DATASET CONTENT:
————

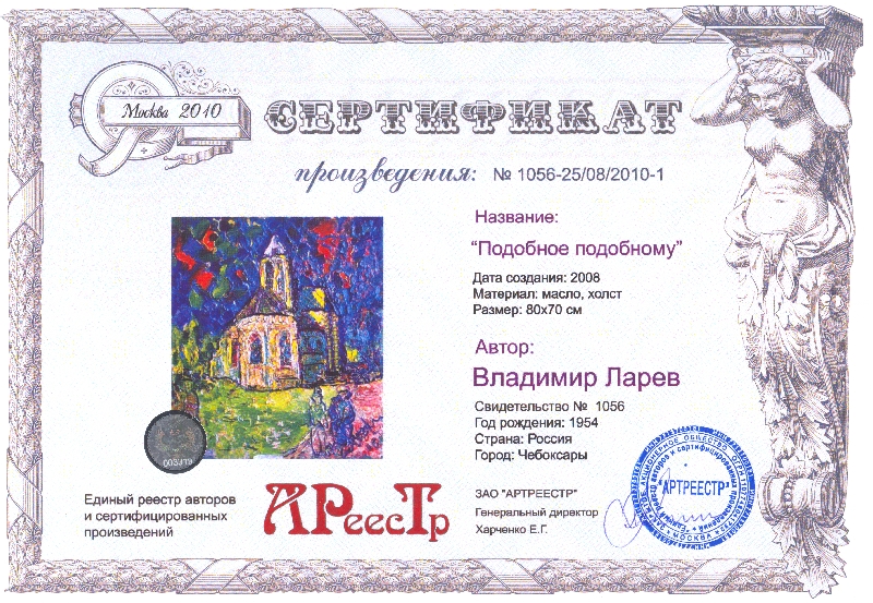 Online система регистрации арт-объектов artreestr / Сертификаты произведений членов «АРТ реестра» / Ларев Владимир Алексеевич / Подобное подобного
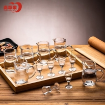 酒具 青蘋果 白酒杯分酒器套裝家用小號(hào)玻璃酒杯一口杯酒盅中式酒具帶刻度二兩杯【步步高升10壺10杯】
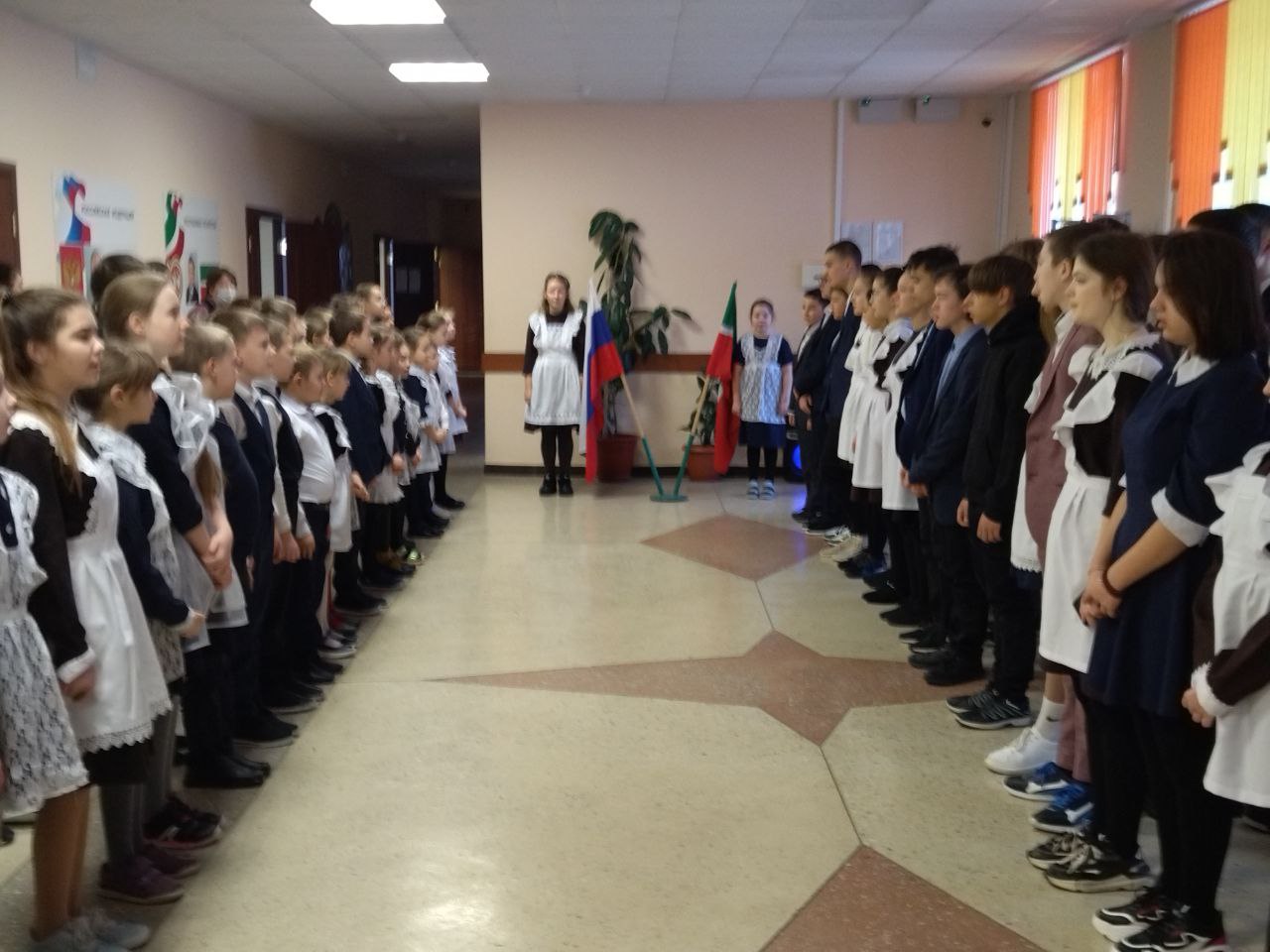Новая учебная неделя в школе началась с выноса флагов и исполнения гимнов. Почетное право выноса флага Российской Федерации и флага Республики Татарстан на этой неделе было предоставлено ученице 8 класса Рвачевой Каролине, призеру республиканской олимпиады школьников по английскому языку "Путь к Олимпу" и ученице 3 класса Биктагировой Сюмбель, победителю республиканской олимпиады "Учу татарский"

————

EXERCISE INSTRUCTIONS: Write out the material above precisely, leaving each picture behind.

SOLUTION FOR THIS TASK:
 Online система регистрации арт-объектов artreestr / Сертификаты произведений членов «АРТ реестра» / Ларев Владимир Алексеевич / Подобное подобного
 酒具 青蘋果 白酒杯分酒器套裝家用小號(hào)玻璃酒杯一口杯酒盅中式酒具帶刻度二兩杯【步步高升10壺10杯】
Новая учебная неделя в школе началась с выноса флагов и исполнения гимнов. Почетное право выноса флага Российской Федерации и флага Республики Татарстан на этой неделе было предоставлено ученице 8 класса Рвачевой Каролине, призеру республиканской олимпиады школьников по английскому языку "Путь к Олимпу" и ученице 3 класса Биктагировой Сюмбель, победителю республиканской олимпиады "Учу татарский"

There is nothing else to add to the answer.